To counteract the growing array of inert, nutrition deficient foods, the minions of the Medical Monopoly have not been idle.  While conducting wars of attrition against the leading exponents of better nutrition, the Food and Drug Administration and the American Medical Association have valiantly defended the use of chemical fertilizers.  The widely circulated AMA magazine, Today’s Health, found in every public school and library, in September 1958, stated, “Extensive research conducted by the Federal Government has shown that the nutritional value of crops is not affected by the soil of the fertilizers used . . .” This was contradicted by the Rockefeller Foundation’s own Dr.
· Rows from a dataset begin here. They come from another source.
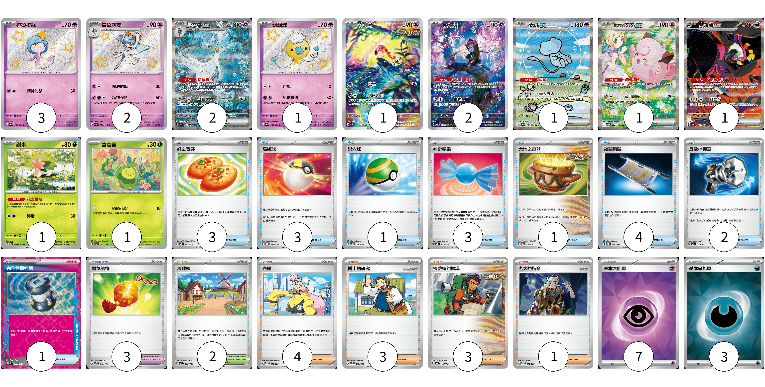 牌組構築方案 以此牌組為基礎新構築牌組 顯示卡面 顯示列表 寶可夢卡(16) 3 2 2 1 1 2 1 1 1 1 1 寶可夢道具(3) 3 物品卡(18) 3 3 1 3 1 4 2 1 支援者卡(11) 4 3 3 1 競技場卡(2) 2 能量卡(10) 7 3 寶可夢卡(16) 卡牌名稱 張數 卡牌名稱 張數 拉魯拉絲 SV4a 258/190 03 奇魯莉安 SV4a 259/190 02 沙奈朵ex SV4a 348/190 02 飄飄球 SV4a 260/190 01 吼叫尾 SV4K 071/066 01 願增猿 SV6 107/101 02 夢幻ex SV4a 347/190 01 莉莉艾的皮皮ex SV9 126/100 01 吉雉雞ex SV6a 089/064 01 謝米 SV9a 006/063 01 含羞苞 SV8a 001/187 01 寶可夢道具(3) 卡牌名稱 張數 卡牌名稱 張數 勇氣護符 SVM 142/175 03 物品卡(18) 卡牌名稱 張數 卡牌名稱 張數 好友寶芬 SVOD 011/020 03 高級球 SVOD 012/020 03 巢穴球 SVK 016/042 01 神奇糖果 SVOD 013/020 03 大地之容器 SV8a 143/187 01 夜間擔架 SVOM 016/021 04 反擊捕捉器 SV8a 139/187 02 完全體攪拌器 SVK 017/042 01 支援者卡(11) 卡牌名稱 張數 卡牌名稱 張數 奇樹 SVOD 016/020 04 博士的研究 SVOD 017/020 03 探險家的嚮導 SV8a 172/187 03 老大的指令 SVOD 019/020 01 競技場卡(2) 卡牌名稱 張數 卡牌名稱 張數 深缽鎮 SVK 039/042 02 能量卡(10) 卡牌名稱 張數 卡牌名稱 張數 基本【超】能量 SVOD PSY 07 基本【惡】能量 SVOM DAR 03 以此牌組為基礎新構築牌組 牌組編碼 XFlKSm-UXAaNe-vKkEWy copy 列印牌組單 牌組編碼已複製 分享至SNS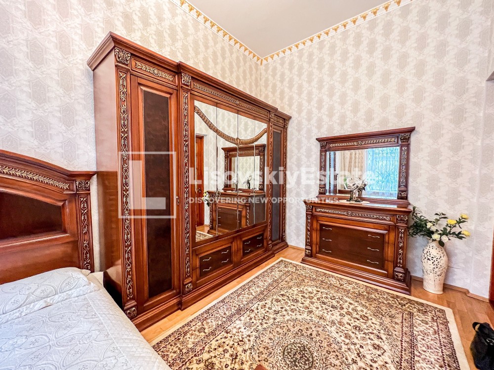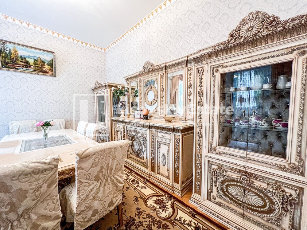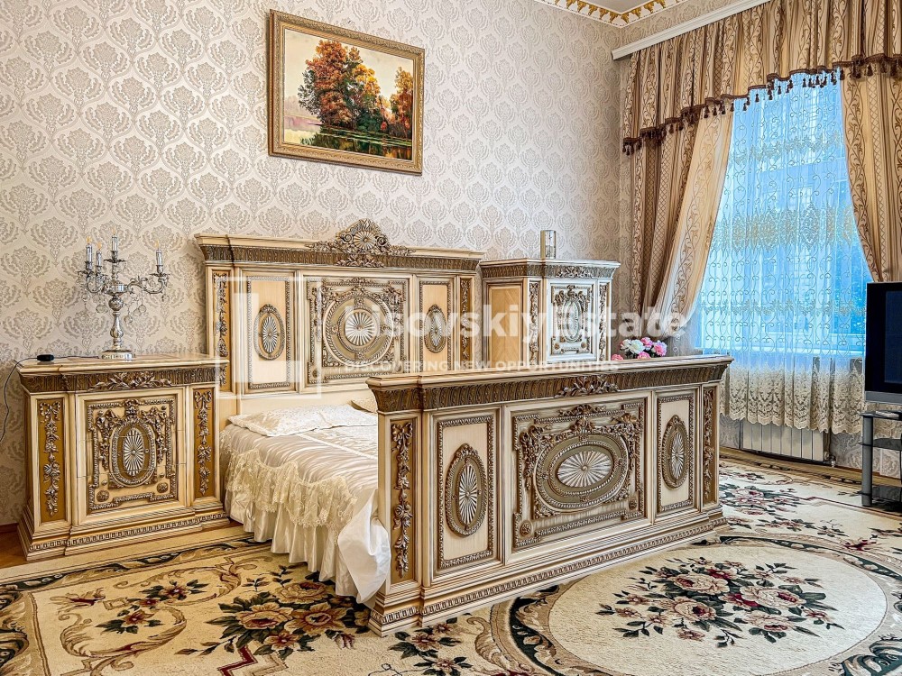 В квартире четыре кондиционера, две двуспальные кровати, (балкон переделан в дополнительную комнату). В коридоре огромный шкаф-купе (высотой 3.8м). Санузел из итальянского кафеля. Высота потолков 4.2м.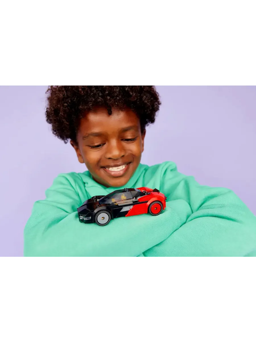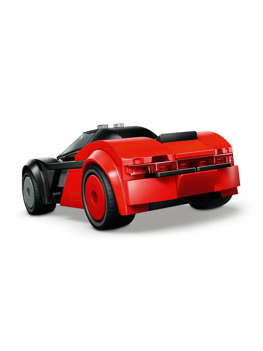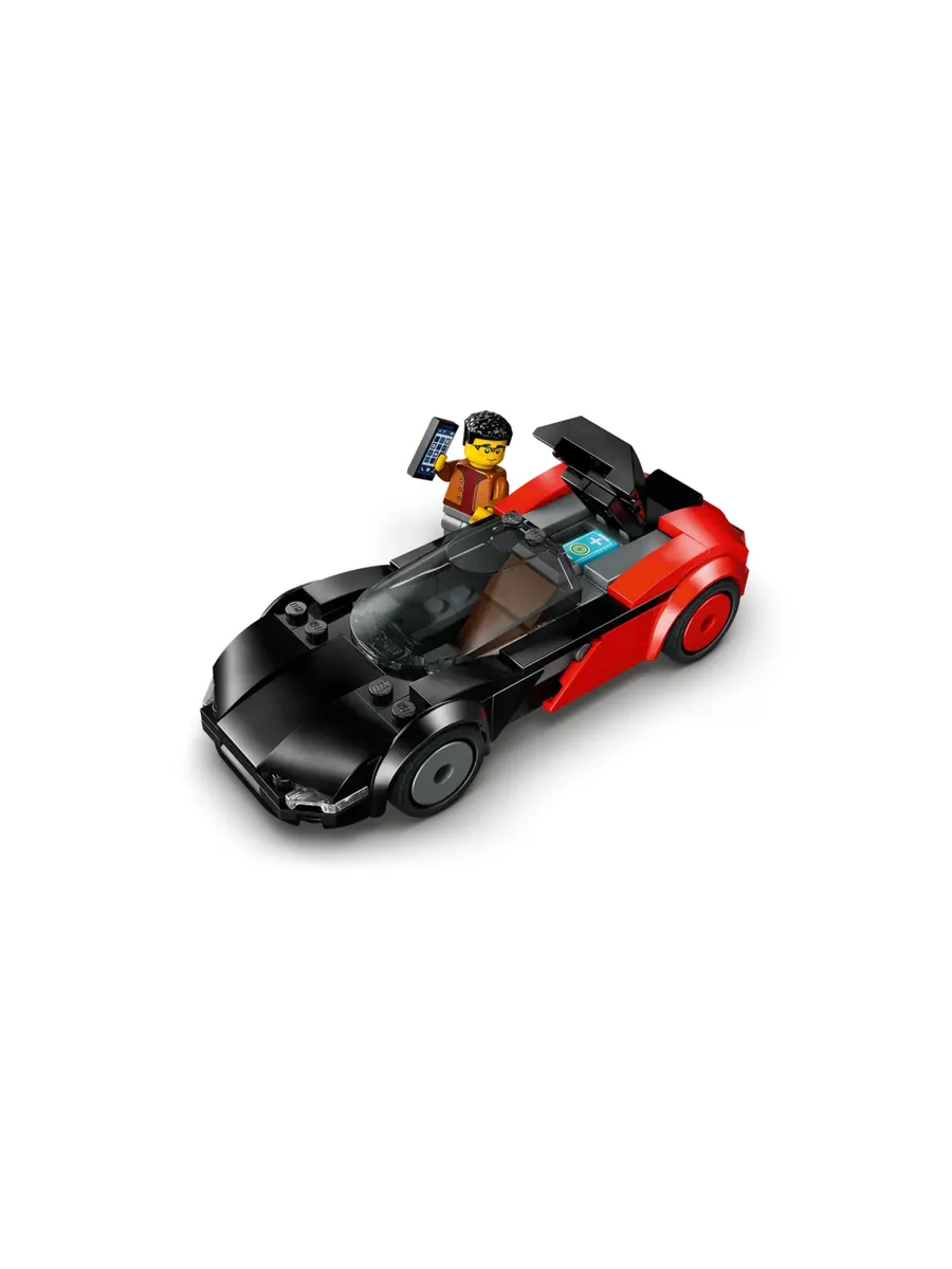 Поднимите задний люк маленького черно-красного спортивного автомобиля, чтобы получить доступ к игрушечному аккумулятору, и посадите минифигурку водителя за руль на несколько часов.

Alexis Carrel, who wrote, “Chemical fertilizers, by increasing the abundance of the crops without replacing all the exhausted elements of the soil, have indirectly contributed to change the nutritive value of cereal grains and vegetables.  Hens have been compelled by artificial diet and mode of living, to enter the ranks of mass producers.  Has not the quality of their eggs been modified? The same question may be asked about milk, because cows are now confined to the stable all year round, and are fed with manufactured provender.  Hygienists have not paid sufficient attention to the genesis of diseases.  Their studies of conditions of life and diet, and of their effect on the physiological and mental state of modern man, are superficial, incomplete and of too short duration.”

Despite the claims of government researchers, the importance of soil is shown by the fact that the proportion of iron in lettuce can vary from 1 mg per hundred to 50 mg per hundred, according to conditions of the soil in which it is grown.  The Middle West has long been known as “the goiter belt,” because of a widespread deficiency of iodine in the soil.  The British Isles, which have been heavily farmed for almost two thousand years, have such deficiencies of minerals in the soil that the British are known the world over for then-bad teeth.

The present system of agricultural chemistry was fathered by Dr. Justus von Liebig, a German chemistry professor who suggested that minerals should be added to the soil and acids added to make them more available to plants.  Chemistry agriculture uses soluble chemicals which are either acidic or basic, their final effect being to acidify the soil, while the use of chemical minerals renders the soil useless.  It has been suggested that we are still living on the benefits conferred by the last Glacial Age, and that the only way to remineralize the soil is to undergo another Glacial Age, as has previously happened about every 100,000 years.

Dr. W.M. Albrecht, chairman of the Department of Soils at the University of Missouri School of Agriculture, states, “While it has long been common belief that disease is an infliction visited upon us from without, there is a growing recognition that it possibly originates from within because of deficiencies and failure to nourish ourselves completely.  Fuller knowledge of nutrition is revealing mounting numbers of cases of deficiency diseases.  These tend to be traced, not only to the supplies in the food and supermarket where the family budget may provide them, but a bit further, and closer to their origin, namely, the fertilization of the soil, the point at which all agricultural production takes off ... These increasing cases classified as deficiencies are bolstering the truth of that old adage, which told us that ‘to be well fed is to be healthy.’"

Many of the strange new diseases which have arisen to plague us in recent years are found to have a nutritional origin.  Dr. Josephson identifies myasthenia gravis as an endocrine disorder resulting from a deficiency of manganese, which may be caused either by defective assimilation of manganese or by defective metabolism.  The need for chemical fertilizers may have stemmed from a longstanding flaw in the method of farming, the use of the moldbord plow.  Edward H. Faulkner, professor at the University of Oklahoma, discovered that the moldbord plow was destroying the fertility of the soil.  He counteracted this effect by disking green manure into the surface and eliminating the plow, an instrument which sandwiches virtually all green manure (decaying plant matter and vegetable residue found on the surface of the ground) some six to eight inches below the surface, where it forms a barrier to water, which should rise from the water table.  The upper six inches then becomes dry, as the capillary action of water movement is blocked.  Plants grown on this plow-depleted soil attract insects, while their vitamin and mineral content is depleted.  The plants become sickly and die.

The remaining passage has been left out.